Louis Armstrong was a titan who never forgot his humble upbringings, and also a public figure who carefully assessed his own weight in the world.
Courtesy of Apple TV+
Louis Armstrong made his first transatlantic voyage in July of 1932, sailing from New York City to Plymouth, England, aboard the ocean liner RMS Majestic. This was a triumphant visit for Armstrong, whose bravura feats as a trumpeter and rugged ebullience as a singer had already made him a sensation on both sides of the pond. But while the British tour is one of many pivotal events in Louis Armstrong’s Black & Blues, a revelatory new documentary out Friday on Apple TV+, its inclusion is most striking for the glimpse we get behind the curtain, where Satchmo allows his famous grin to constrict into a scowl.
His manager at the time was a potbellied white gangster named Johnny Collins, who wasted little on social niceties.

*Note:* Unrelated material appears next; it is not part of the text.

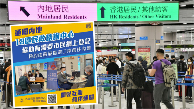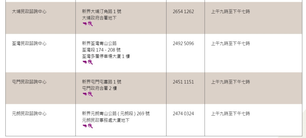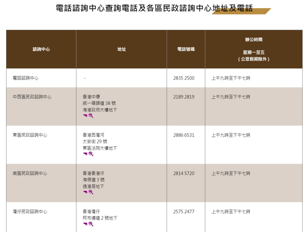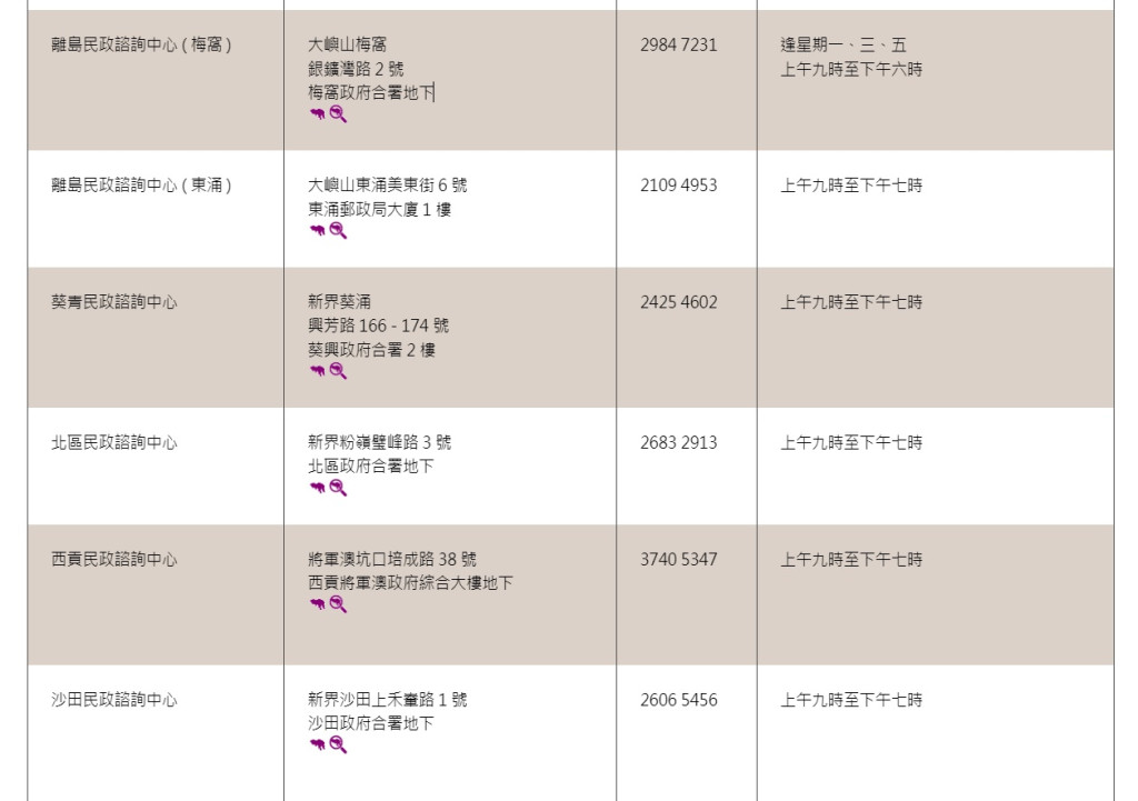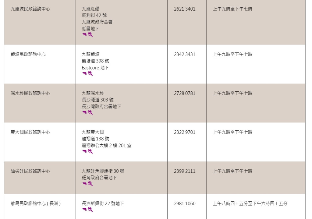 香港和內(nèi)地已于周日(8日)起通關(guān),往來香港與內(nèi)地的人士,須于網(wǎng)上預約由香港指定口岸前往內(nèi)地,18區(qū)民政事務(wù)處可協(xié)助市民登記。有需要的市民可在辦公時間內(nèi),到各區(qū)民政咨詢中心找職員協(xié)助。各區(qū)民政咨詢中心地址、電話和辦公時間如下:

The exploitative tilt of their working relationship was never a matter of public record — but the film, drawing extensively from Armstrong’s private recordings, shares audio of Armstrong recalling a furious confrontation on the ship, with language that’s jarring to hear in his iconic gravel-drawl. “I said, ‘Listen, c*********. You might be my manager, and you might be the biggest s***, and book me in the biggest places in the world,’ ” he says. ” ‘But when I get out on that f***** stage with that horn and get in trouble, you can’t save me.’ ” When Collins retorts by invoking the N-word, Armstrong fights the urge to break a wine bottle over his head, in order to kill him. “But the first thing I thought,” he says, “[was] all them Black c********** in Harlem who’d say: I knew he would blow his top someday.”